Rating:  Summary: WOW! Such crisp detail you feel like you were THERE! Review: Well, Where to start? The book was very well put together and even in hard cover to make sure it last longer than the lives that were taken in the pictures inside of it's binding. I bought it after buying "Vintage Car Wrecks" by Rusty Herlocher, which only shows smashed up, demolished cars by themselves in neat chapters organized in decades of the cars. Boy, was I in for a surprise!

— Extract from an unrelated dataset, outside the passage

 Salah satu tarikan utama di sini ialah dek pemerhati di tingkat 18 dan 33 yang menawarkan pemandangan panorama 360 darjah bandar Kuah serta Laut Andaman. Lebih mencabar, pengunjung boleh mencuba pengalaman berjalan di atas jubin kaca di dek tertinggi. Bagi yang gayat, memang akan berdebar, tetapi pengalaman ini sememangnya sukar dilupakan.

I have never witnessed such real-life horror, and as one rater said, "just in case you didn't get enough with the fatal car crashes, he throws in some photos of suicides, homocides, and dead streetpeople." I don't know whether to love it or hate it. I think the first time you read it, it GRIPS you and pulls you in, I found myself flipping the pages faster to see the next picture, probably the last seen of these poor souls and their ride that transported them out from this realm of life. The photographic quality is remarkable, especially for the era(1930's) that these were taken but I feel embarrased for the victims IN the book, for one even defecated on himself to add insult to injury(literally). I must feel that a controversial book as "Car Crashes and Other Sad Stories" CANNOT be blamed for the gruesome pictures you see- one reader said it should have a warning, the book DOES, it's called the TITLE. The title makes the expectations CRYSTAL clear, there is NO happy ending here, folks. Really, it is no worse than the typical movies that are shown on TV these days. I think the more that you view the book, the more you like it. The book really grows on you and each time you view it, you see more detail that you might not have seen the times before. I'd give it two thumbs up for detail, uniqueness, and power, as it truly grabs you and pulls you in.

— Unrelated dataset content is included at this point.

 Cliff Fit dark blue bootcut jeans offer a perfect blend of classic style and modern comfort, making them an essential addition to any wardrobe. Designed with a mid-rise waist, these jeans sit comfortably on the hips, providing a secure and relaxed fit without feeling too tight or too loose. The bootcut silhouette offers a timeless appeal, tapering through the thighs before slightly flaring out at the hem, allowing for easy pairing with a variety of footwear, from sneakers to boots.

If you are weak-stomached or not into the study of photography, forensics, or just "get off on gore", don't bother to check it out. This was a great deal to me, for $4.00 for a hardcover book of this kind with 200 high resolution photos, if nothing else, it shows why no one should ever ride without a safety belt and furthermore, why no one should EVER try to beat a train. Heck, if I saw this as part of my driver's education class, I'd think twice before I took some of the risk a 15 year old takes. I imagine this book would contain 1000's of images instead of a mere 200 if they had cell phones to distract them in the 1930's. Hey maybe someone should START one of wrecks caused by cellphones mixed with driving- "car crashes and other sad stories, their LAST call". Back to this book though. I say Check it out, if you DARE.....
Rating:  Summary: Sick, sick sick... Review: whats the matter with people? You can get enough of this on the news or in your personal life, but someone trying to make money off of someone else's tradgedy, is really too much.. If the is the best she can do, maybe it's time to find another line of work.

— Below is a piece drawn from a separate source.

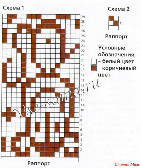 На носочные спицы №3,5 наберите коричневой нитью 48 п., равномерно распределите петли на 4 спицы (по 16 п.). Вяжите вкруговую 7 рядов резинкой 1x1. Затем поменяйте спицы на №4 и вяжите лиц. гладью 2 ряда белой нитью. Далее начинайте вывязывать рисунок по схеме 1, начиная с 1-го ряда и повторяя раппорт в ширину 3 раза. В высоту провяжите 1-29-й ряды. Затем провяжите еще 2 ряда белой нитью, при этом во 2-м ряду равномерно убавьте 4 п. = 44 п. Поменяйте спицы на №3,5, вяжите 1 ряд коричневой нитью. Равномерно распределите петли на 4 спицы (по 11 п.). Смена ряда – между 1-й и 4-й спицами. Провяжите 7 рядов лиц. гладью.

Rating:  Summary: Extremely disturbing... Review: While one should appreciate the well-crafted presentation of Mr. Kilpatrick's work and the excellent quality of the photographic reproductions of the subjects, the overall lasting impression is so horrific that I wouldn't recommend this to anyone. Surely there must be many other photographic essays that allow the viewer to wax nostalgic over the impressive vehicles of the 40's & 50's. But to bear witness to the gruesome endings that the subjects in this book met with is extremely disturbing. Just in case the reader hasn't had enough after viewing a glimpse of pre-seat-belt days, there are some murders and suicides thrown in. No one but the professionals who had to investigate these scenes should have ever seen these photographs.